Exercise description - What you return must be an exact copy of the lines in the listing below between the line holding "Dobbelt hævebro fra" and the line holding "8、新建一個圖層,蓋印圖層,選擇涂抹工具", inclusive, and nothing more.

(Data to process begins)

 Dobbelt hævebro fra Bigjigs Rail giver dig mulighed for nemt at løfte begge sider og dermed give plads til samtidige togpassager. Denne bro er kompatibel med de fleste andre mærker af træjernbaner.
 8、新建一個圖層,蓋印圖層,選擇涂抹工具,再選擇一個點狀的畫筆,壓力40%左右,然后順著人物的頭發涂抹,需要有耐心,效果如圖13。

(Data to process ends)
(Data to process begins)

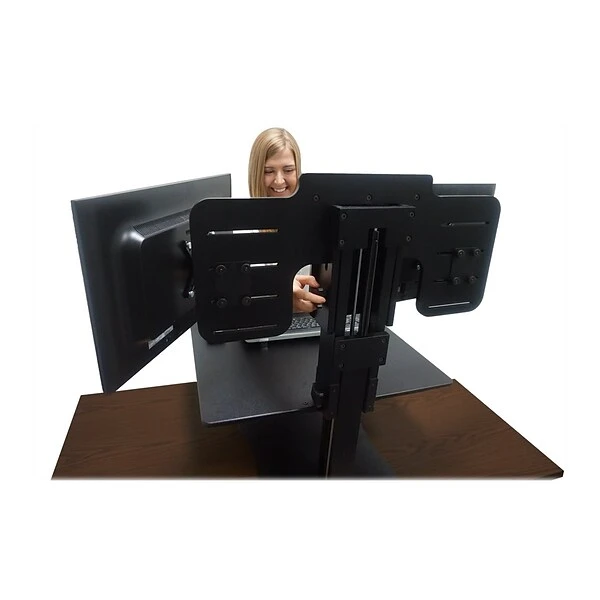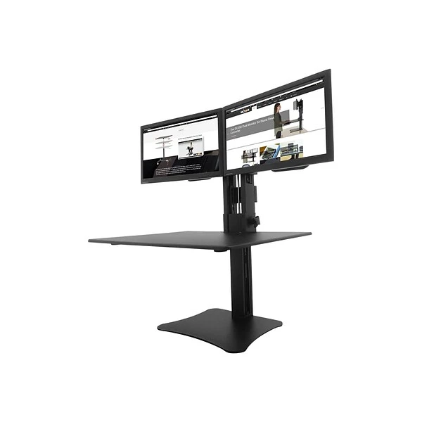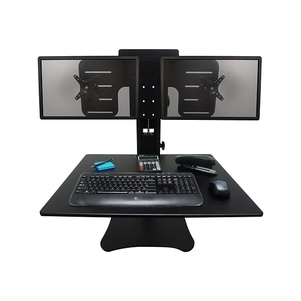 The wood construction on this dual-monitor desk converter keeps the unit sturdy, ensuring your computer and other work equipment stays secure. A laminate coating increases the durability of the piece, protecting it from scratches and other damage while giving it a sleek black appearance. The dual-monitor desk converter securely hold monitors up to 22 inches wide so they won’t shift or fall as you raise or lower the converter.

(Data to process ends)

Response below -
 Dobbelt hævebro fra Bigjigs Rail giver dig mulighed for nemt at løfte begge sider og dermed give plads til samtidige togpassager. Denne bro er kompatibel med de fleste andre mærker af træjernbaner.
 8、新建一個圖層,蓋印圖層,選擇涂抹工具,再選擇一個點狀的畫筆,壓力40%左右,然后順著人物的頭發涂抹,需要有耐心,效果如圖13。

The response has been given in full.